The other thing is to avoid loading the records you don't want. This is why you mention pre-processing the file. I'm not sure there's much you can do there, unless you have access to a Hadoop cluster to run some map-reduce jobs on your file (well, reduce mainly, the structure you post is about as mapped as can be already).
But there is an alternative: external tables. External tables are tables which have their data in OS files rather then tablespaces. And they can be parallel enabled (providing your file meet certain criteria). Find out more.
So, you might have an external table like this
CREATE TABLE user_status_external (
uid NUMBER(6),
status VARCHAR2(10),
sdate DATE
ORGANIZATION EXTERNAL
(TYPE oracle_loader
DEFAULT DIRECTORY data_dir
ACCESS PARAMETERS
(
RECORDS DELIMITED BY newline
BADFILE 'usrsts.bad'
DISCARDFILE 'usrsts.dis'
LOGFILE 'usrsts.log'
FIELDS TERMINATED BY "," OPTIONALLY ENCLOSED BY '"'
(
uid INTEGER EXTERNAL(6),
status CHAR(10),
sdate date 'yyyymmdd' )
)
LOCATION ('usrsts.dmp')
)
PARALLEL
REJECT LIMIT UNLIMITED;
Note that you need read and write permissions on the DATA_DIR directory object.
Having created the external table you can load the only desired data into your target table with an insert statement:
insert into user_status (uid, status, last_status_date)
select sq.uid
, sq.status
, sq.sdate
from (
select /*+ parallel (et,4) */
et.uid
, et.status
, et.sdate
, row_number() over (partition by et.uid order by et.sdate desc) rn
from user_status_external et
) sq
where sq.rn = 1
Note that as with all performance advice, there are no guarantees. You need to benchmark things in your environment.
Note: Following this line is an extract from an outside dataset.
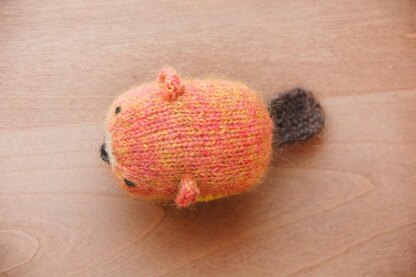 This is a pattern for a knitted beaver. It is worked mainly in stockinette and in the round. With the ears and tail worked flat. The legs are picked up from waste yarn and worked similarly to glove fingers for a few rounds. Eyes and nose are embroidered with straight sts.

Another thing is the use of INSERT: I'm assuming these are all fresh USERIDs, as that is the scenario your post suggests. If you have a more complicated scenario then you probably want to look at MERGE or a different approach altogether.
One last thing: you seem to be assuming this is a common situation, which has some standard approaches. But most data warehouses load all the data they get. They may then filter it for various different uses, data marts, etc. But they almost always maintain a history in the actual warehouse of all the distinct records. So that's why you might not get an industry standard solution.
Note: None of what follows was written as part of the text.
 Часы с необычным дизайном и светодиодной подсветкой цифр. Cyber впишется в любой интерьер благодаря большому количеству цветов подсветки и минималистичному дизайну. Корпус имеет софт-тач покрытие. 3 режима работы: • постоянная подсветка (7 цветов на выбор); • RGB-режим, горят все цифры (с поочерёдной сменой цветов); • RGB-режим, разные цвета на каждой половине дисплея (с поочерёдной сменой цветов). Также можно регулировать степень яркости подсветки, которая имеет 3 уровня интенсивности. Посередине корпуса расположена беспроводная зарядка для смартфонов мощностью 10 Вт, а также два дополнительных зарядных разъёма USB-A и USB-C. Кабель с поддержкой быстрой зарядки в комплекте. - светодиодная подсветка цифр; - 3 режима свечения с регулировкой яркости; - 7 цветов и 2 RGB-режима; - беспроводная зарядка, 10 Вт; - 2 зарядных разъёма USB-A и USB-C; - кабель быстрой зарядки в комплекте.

I'd go with something along the lines of what APC said as a first go. However, I think parallel tables can only load data in parallel if the data is in multiple files, so you might have to cut the files into several. How are the files generated? A 20 - 60GB file is a real pain to deal with - can you get the generation of the files changed so you get X 2GB files for example?
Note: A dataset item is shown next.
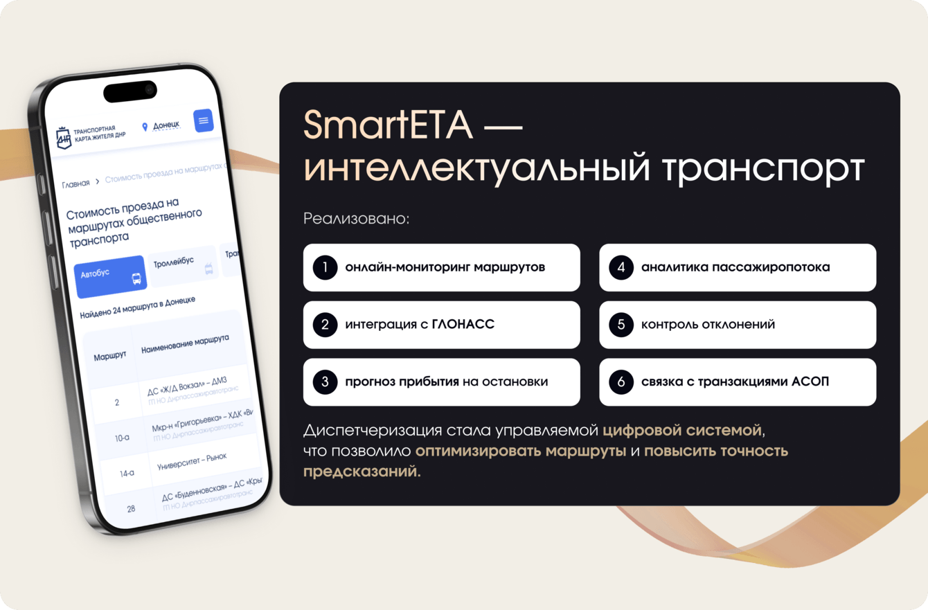 На следующем этапе была разработана и внедрена система SmartETA для оптимизации маршрутов и прогнозирования времени прибытия транспорта. Это улучшило управление пассажиропотоком и позволило повысить эффективность работы общественного транспорта.

After getting all the records into the database, you might run into problems attempting to sort 60GB of data - it would be worth having a look at the sort stage of the query you are using to extract the latest status. In the past I helped large sorts by hash partitioning the data on one of the fields to be sorted, in this case user_id. Then Oracle only has to do X smaller sorts, each of which can proceed in parallel.
So, my thoughts would be:
Try and get many smaller files generated instead of 1 big one
Using External tables, see if it is feasible to extract the data you want directly from the external tables
If not, load the entire contents of the files into a hash partition table - at this stage make sure you do insert /*+ append nologging */ to avoid undo generation and redo generation. If your database has force_logging set to true, the nologging hint will have no effect.
Run the select on the staged data to extract only the rows you care about and then trash the staged data.
The nologging option is probably critical to you getting good performance - to load 60GB of data, you are going to generate at least 60GB of redo logs, so if that can be avoided, all the better. You would probably need to have a chat with your DBA about that!
Assuming you have lots of CPU available, it may also make sense to compress the data as you bulk load it into the staging table. Compression may well half the size of your data on disk if it has repeating fields - the disk IO saved when writing it usually more than beats any extra CPU consumed when loading it.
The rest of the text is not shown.